# To do
Pictures aside, return every line below exactly as written.
[Start of section]
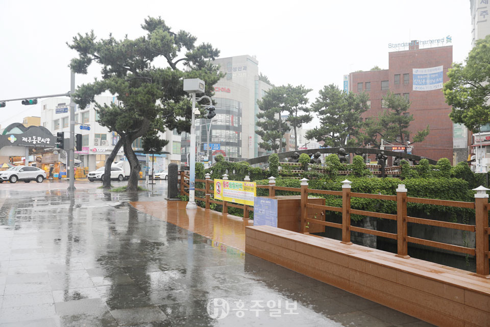 복원된 산지천, 교량 4개 121개 분수물기둥 설치 시민들 휴식공간 거듭나
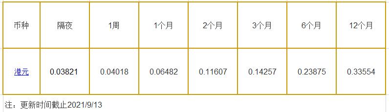 9月13日香港银行间同业拆借利率港币: 隔夜报0.03821%, 1周期报0.04018%, 1月期报0.06482%, 12月期报0.33554%。 香港银行同业拆放利率HIOR(HogkogItrakOffrdRat),指香港货币市场上,银行与银行之间的一年期以下的短期资金借贷利率,是从伦敦同业拆借利率(LIOR)
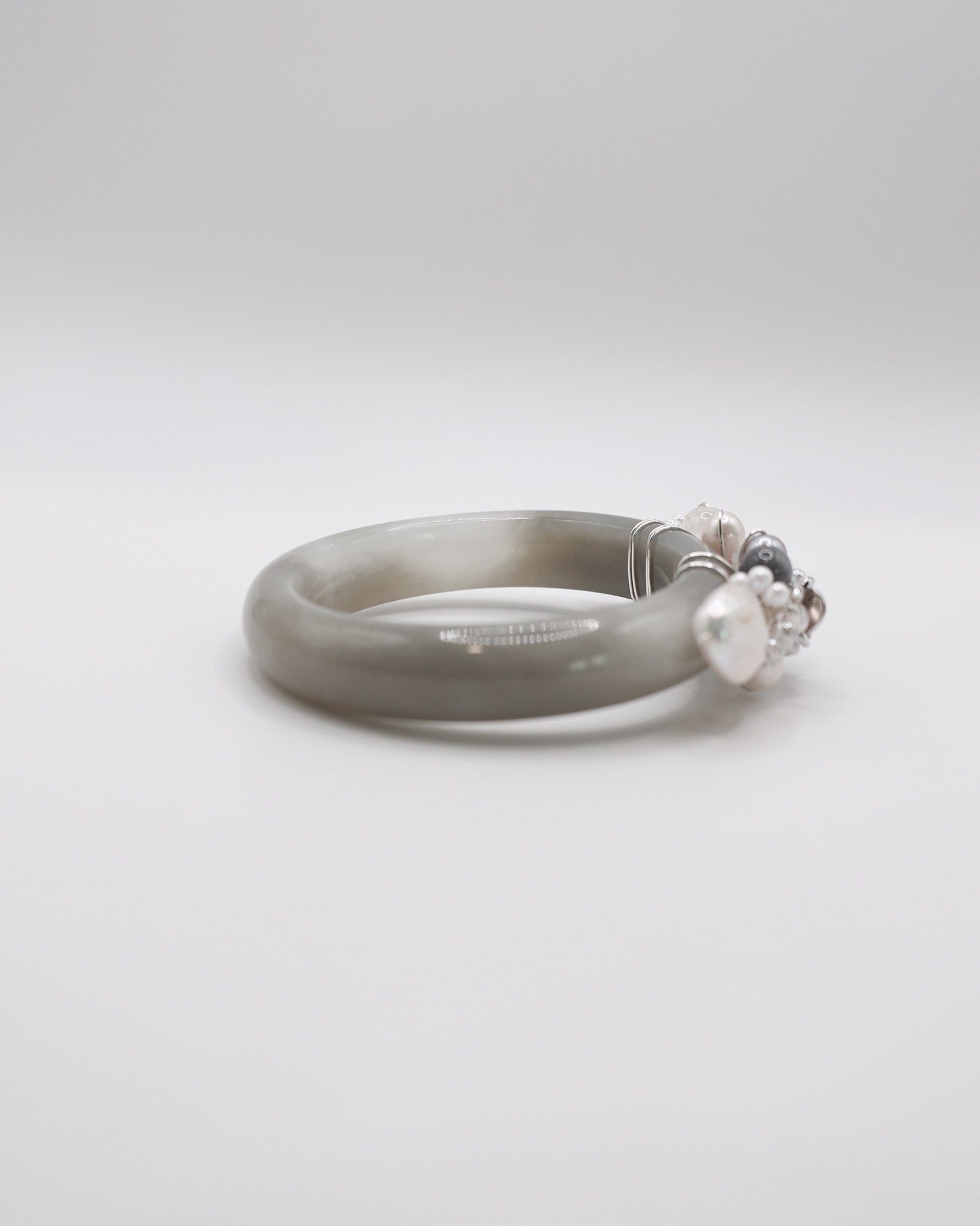 Freshwater Pearls, Type A Wuji Burmese Jade, Madagascar Moonstone, Blue Rabbit Hair, 14k Gold Plated Floral Accents, Japan Imported Glass Beads
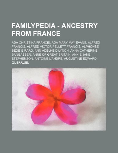 You are about to access our book library "Familypedia - Ancestry from France: ADA Christina Francis, ADA Mary May Evans, Alfred Francis, Alfred Victor Pellett Francis, Alphonse Bede Girard, Ann Adelheid Lynch, Anna Catherine Bangasser, Anne of Great Britain, Annie Jane Stephenson, Antoine L'An... full version"
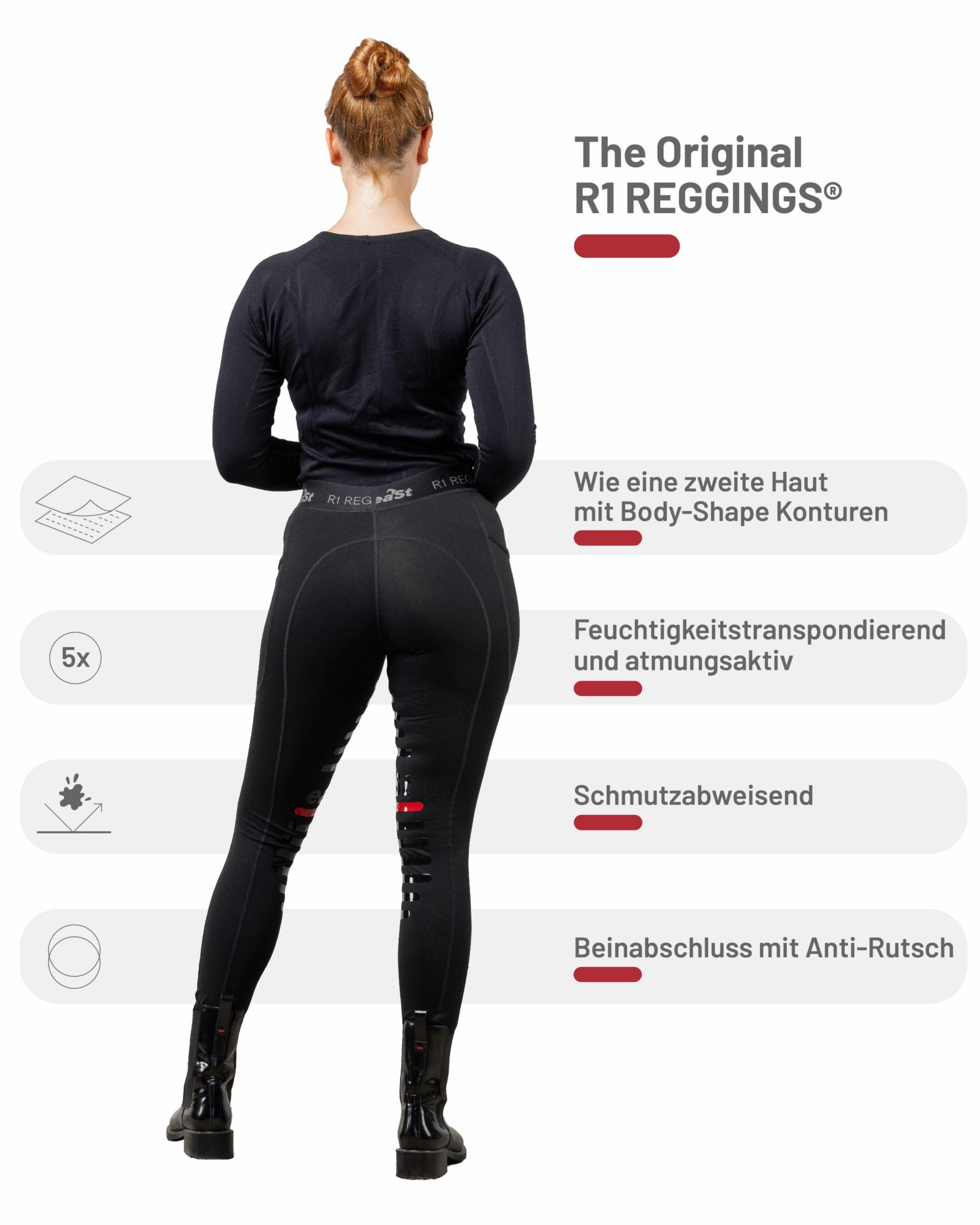 Die Reggings R1 ist die original Reitleggings. Das hochelastische und bewegungsfreundliche Material sorgt für den ultimativen Tragekomfort. Es ist nicht nur feuchtigkeitstransportierend und atmungsaktiv, sondern auch schmutzabweisend – alles, was ein Pferdemensch braucht. Entscheide dich für das Original!
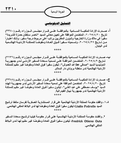 صدرت الإرادة الملكية السامية، في عدد الجريدة الرسمية اليوم الأربعاء، بالموافقة على قرار مجلس الوزراء المتضمن الموافقة على تعيين عدد من السفراء.
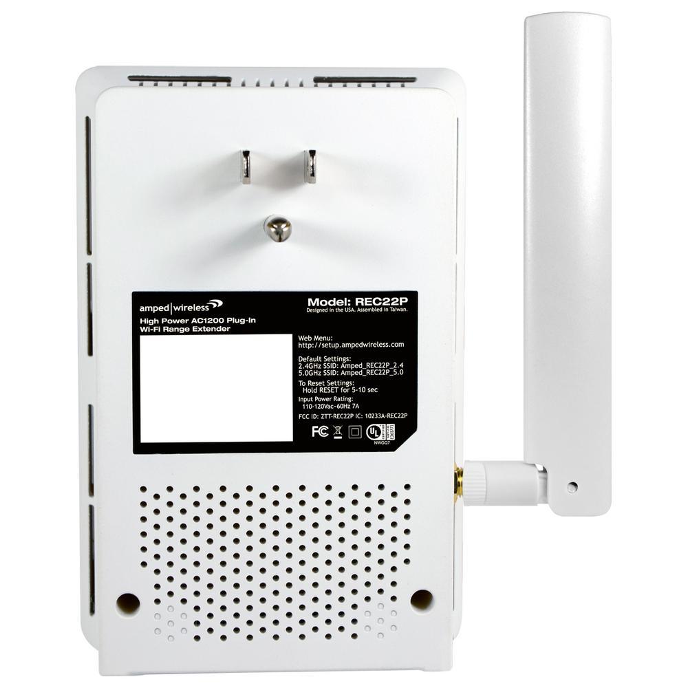 The High Power AC1200 Plug-In Wi-Fi Range Extender expands the range of any standard Wi-Fi network by repeating the signal (2.4GHz and 5GHz) from any Wi-Fi router and redistributing it for more Wi-Fi coverage. The REC22P is equipped with a total of eight High Power amplifiers and both an internal and external high gain antenna to provide up to 11,000 sq. ft. of ultra-fast Wi-Fi coverage. Unleash your iPads, tablets and smart phones with a powerful, plug-in, universal Wi-Fi range extender.
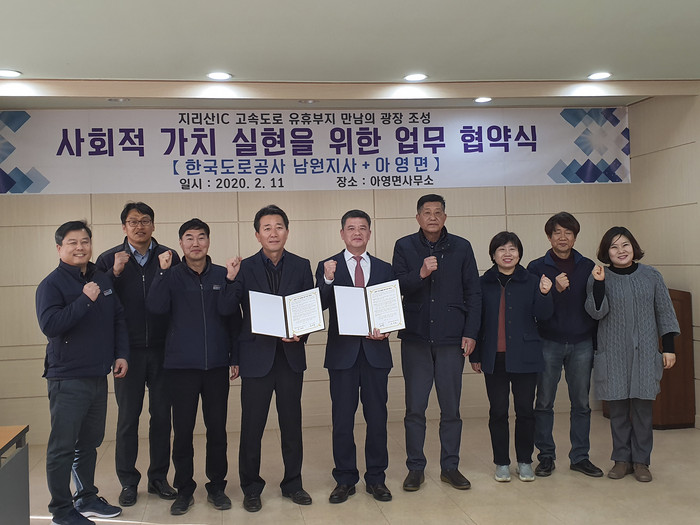 한국도로공사 남원지사와 아영면은 지난 11일 아영면사무소에서 양 기관간의 업무협약을 맺고 한국도로공사 유휴토지에 지리산IC 만남의 광장 주차장을 설치하기로 합의했다.
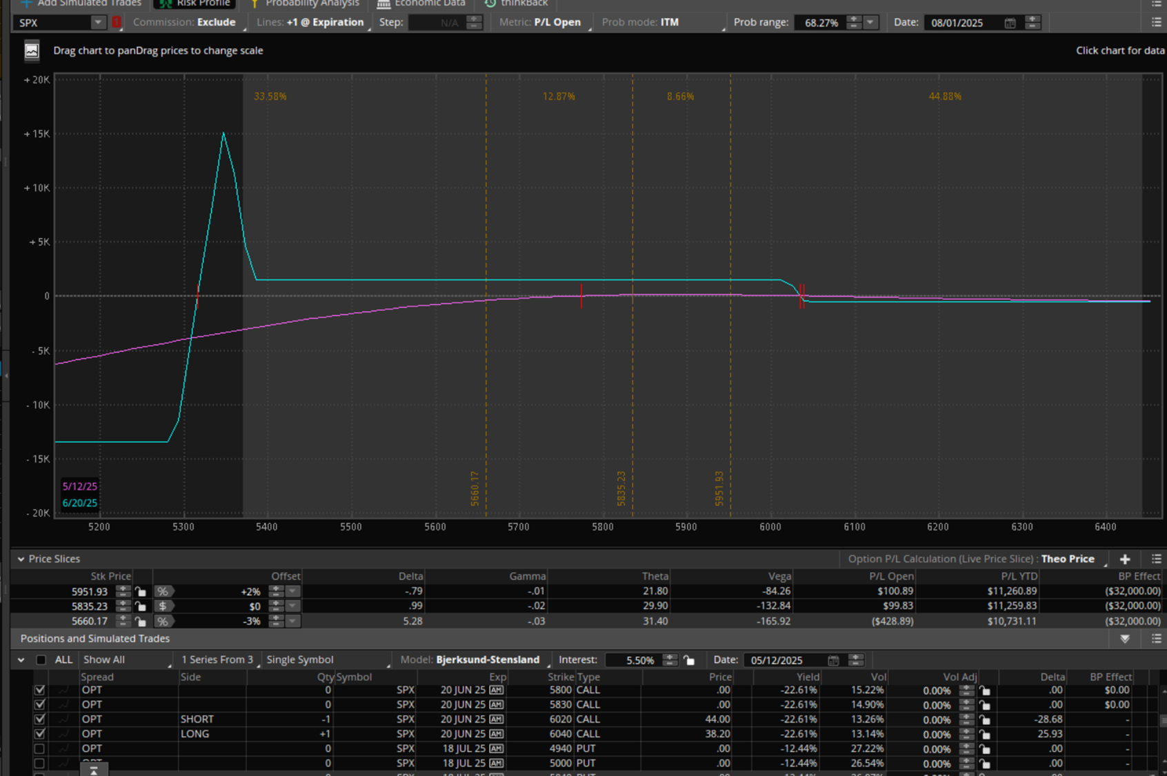 I moved up the "soft hedge, maintaining the 30 width strikes. I positioned the short strike at 5800, above the strong resistance at 5780.
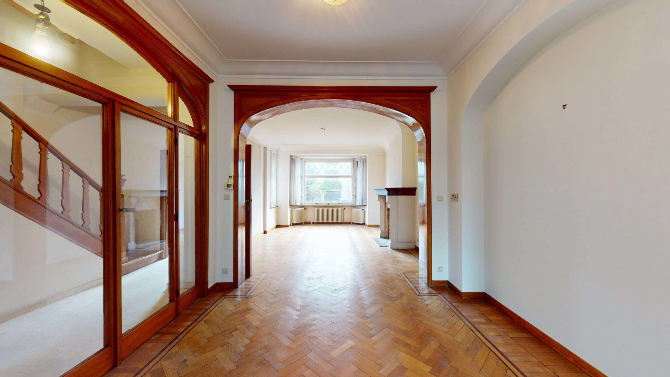 It is laid out as follows: On the ground floor, a large entrance hall in Burgundy stone, a pleasant living room of +/- 35m², a dining room of +/- 14m², opening onto 2 terraces and a garden decorated with climbing hydrangeas facing north-west, and a kitchen. On the first floor, a hallway, one large bedroom of approximately 31m², one bedroom of approximately 14m², one bedroom of approximately 10m², a bathroom of approximately 8.50m² and a separate toilet. On the second floor, there is a landing, a beautiful bedroom of +/- 17m², a bedroom of +/- 9.50m², a study of +/- 8m² and a loft that could be converted.
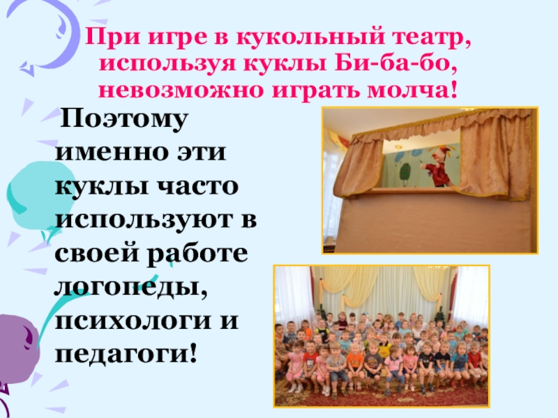 Слайд 22При игре в кукольный театр, используя куклы Би-ба-бо, невозможно играть молча!
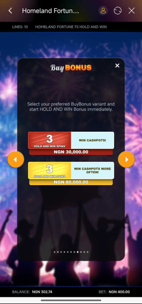 If the player selects to play a BuyBonus, HOLD AND WIN BONUS is awarded immediately with a number of initial spins according to the selected option. For each BuyBonus option, bet and number of initial spins are shown. After a selection is confirmed, the HOLD AND WIN BONUS variant is played with the selects number of initial spins, and with the same bet as is active on the game interface immediately the selection is made.
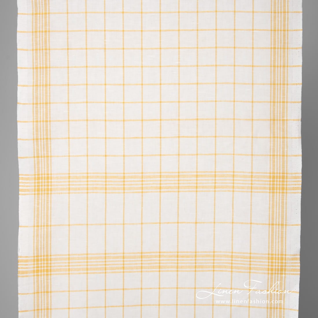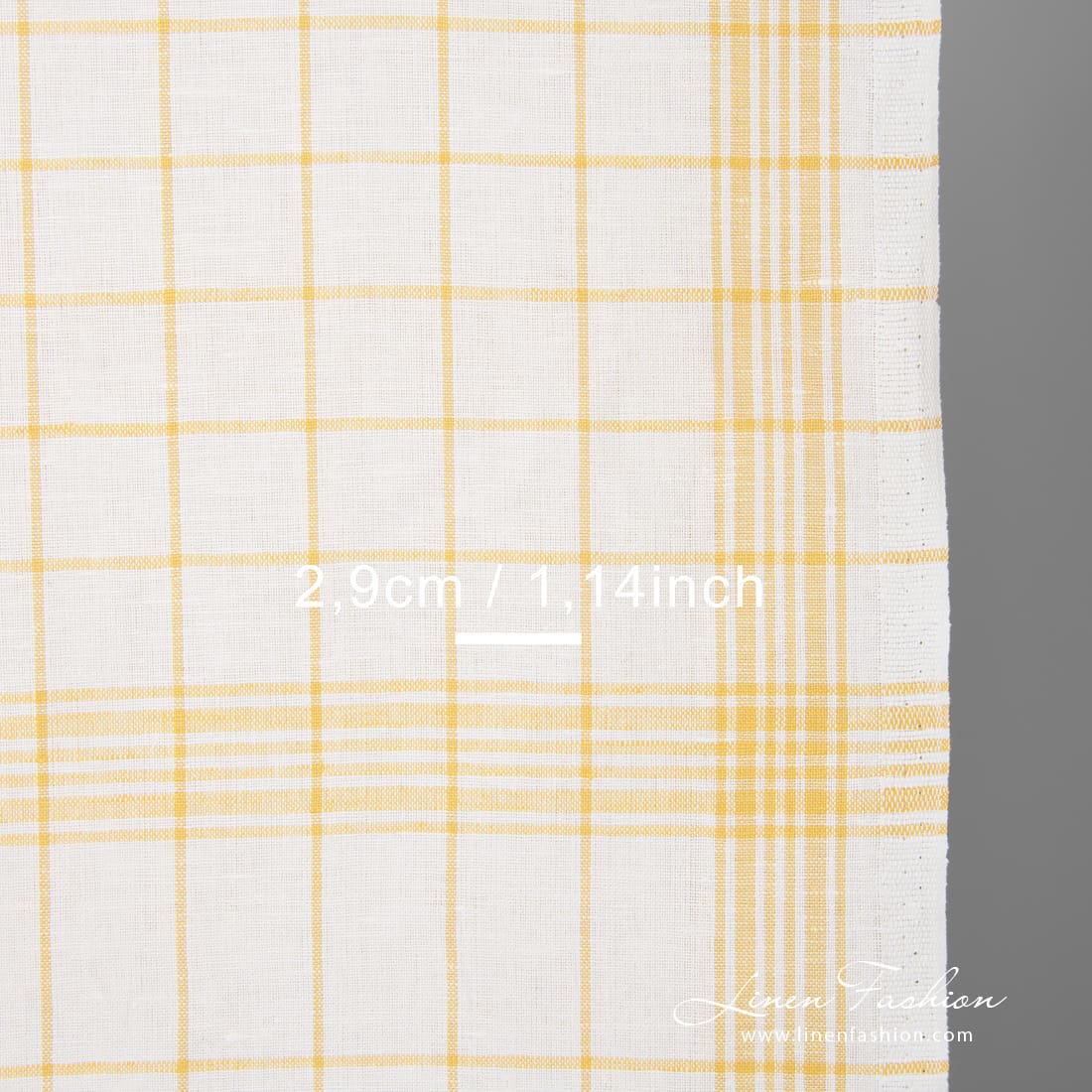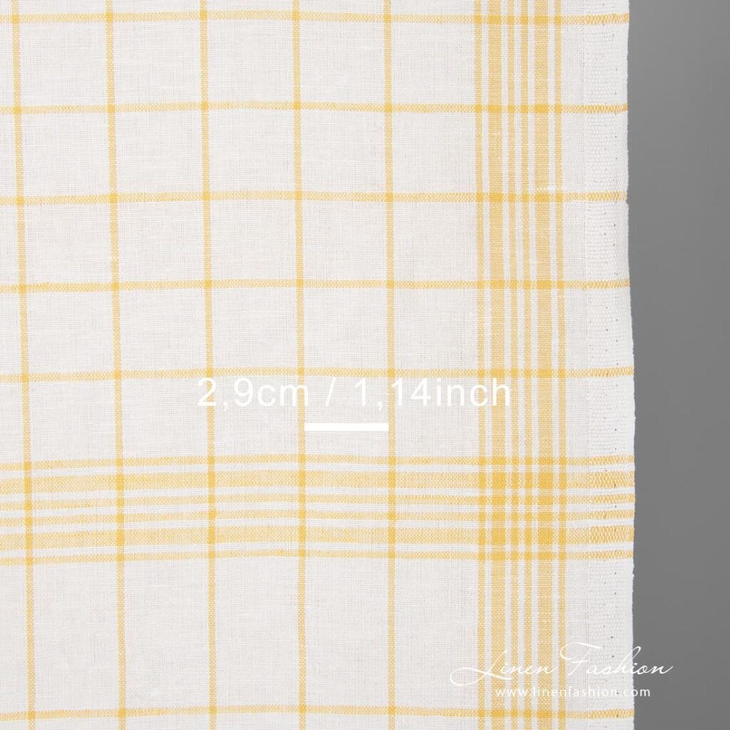 Biela ľanovo-bavlnená tkanina so žltými kárami
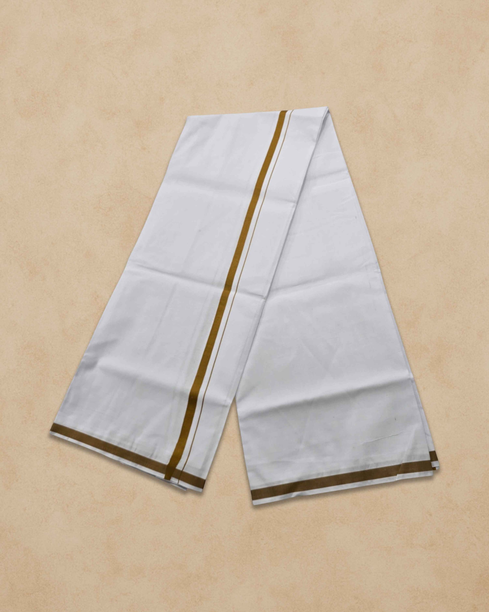 Pure Cotton White Dhoti With Colour small Border for Men's | Dhoti for Pooja, Weddings and Other Festive Occasions - Musturd
[End of section]
# Result
 복원된 산지천, 교량 4개 121개 분수물기둥 설치 시민들 휴식공간 거듭나
 9月13日香港银行间同业拆借利率港币: 隔夜报0.03821%, 1周期报0.04018%, 1月期报0.06482%, 12月期报0.33554%。 香港银行同业拆放利率HIOR(HogkogItrakOffrdRat),指香港货币市场上,银行与银行之间的一年期以下的短期资金借贷利率,是从伦敦同业拆借利率(LIOR)
 Freshwater Pearls, Type A Wuji Burmese Jade, Madagascar Moonstone, Blue Rabbit Hair, 14k Gold Plated Floral Accents, Japan Imported Glass Beads
 You are about to access our book library "Familypedia - Ancestry from France: ADA Christina Francis, ADA Mary May Evans, Alfred Francis, Alfred Victor Pellett Francis, Alphonse Bede Girard, Ann Adelheid Lynch, Anna Catherine Bangasser, Anne of Great Britain, Annie Jane Stephenson, Antoine L'An... full version"
 Die Reggings R1 ist die original Reitleggings. Das hochelastische und bewegungsfreundliche Material sorgt für den ultimativen Tragekomfort. Es ist nicht nur feuchtigkeitstransportierend und atmungsaktiv, sondern auch schmutzabweisend – alles, was ein Pferdemensch braucht. Entscheide dich für das Original!
 صدرت الإرادة الملكية السامية، في عدد الجريدة الرسمية اليوم الأربعاء، بالموافقة على قرار مجلس الوزراء المتضمن الموافقة على تعيين عدد من السفراء.
 The High Power AC1200 Plug-In Wi-Fi Range Extender expands the range of any standard Wi-Fi network by repeating the signal (2.4GHz and 5GHz) from any Wi-Fi router and redistributing it for more Wi-Fi coverage. The REC22P is equipped with a total of eight High Power amplifiers and both an internal and external high gain antenna to provide up to 11,000 sq. ft. of ultra-fast Wi-Fi coverage. Unleash your iPads, tablets and smart phones with a powerful, plug-in, universal Wi-Fi range extender.
 한국도로공사 남원지사와 아영면은 지난 11일 아영면사무소에서 양 기관간의 업무협약을 맺고 한국도로공사 유휴토지에 지리산IC 만남의 광장 주차장을 설치하기로 합의했다.
 I moved up the "soft hedge, maintaining the 30 width strikes. I positioned the short strike at 5800, above the strong resistance at 5780.
 It is laid out as follows: On the ground floor, a large entrance hall in Burgundy stone, a pleasant living room of +/- 35m², a dining room of +/- 14m², opening onto 2 terraces and a garden decorated with climbing hydrangeas facing north-west, and a kitchen. On the first floor, a hallway, one large bedroom of approximately 31m², one bedroom of approximately 14m², one bedroom of approximately 10m², a bathroom of approximately 8.50m² and a separate toilet. On the second floor, there is a landing, a beautiful bedroom of +/- 17m², a bedroom of +/- 9.50m², a study of +/- 8m² and a loft that could be converted.
 Слайд 22При игре в кукольный театр, используя куклы Би-ба-бо, невозможно играть молча!
 If the player selects to play a BuyBonus, HOLD AND WIN BONUS is awarded immediately with a number of initial spins according to the selected option. For each BuyBonus option, bet and number of initial spins are shown. After a selection is confirmed, the HOLD AND WIN BONUS variant is played with the selects number of initial spins, and with the same bet as is active on the game interface immediately the selection is made.
 Biela ľanovo-bavlnená tkanina so žltými kárami
 Pure Cotton White Dhoti With Colour small Border for Men's | Dhoti for Pooja, Weddings and Other Festive Occasions - Musturd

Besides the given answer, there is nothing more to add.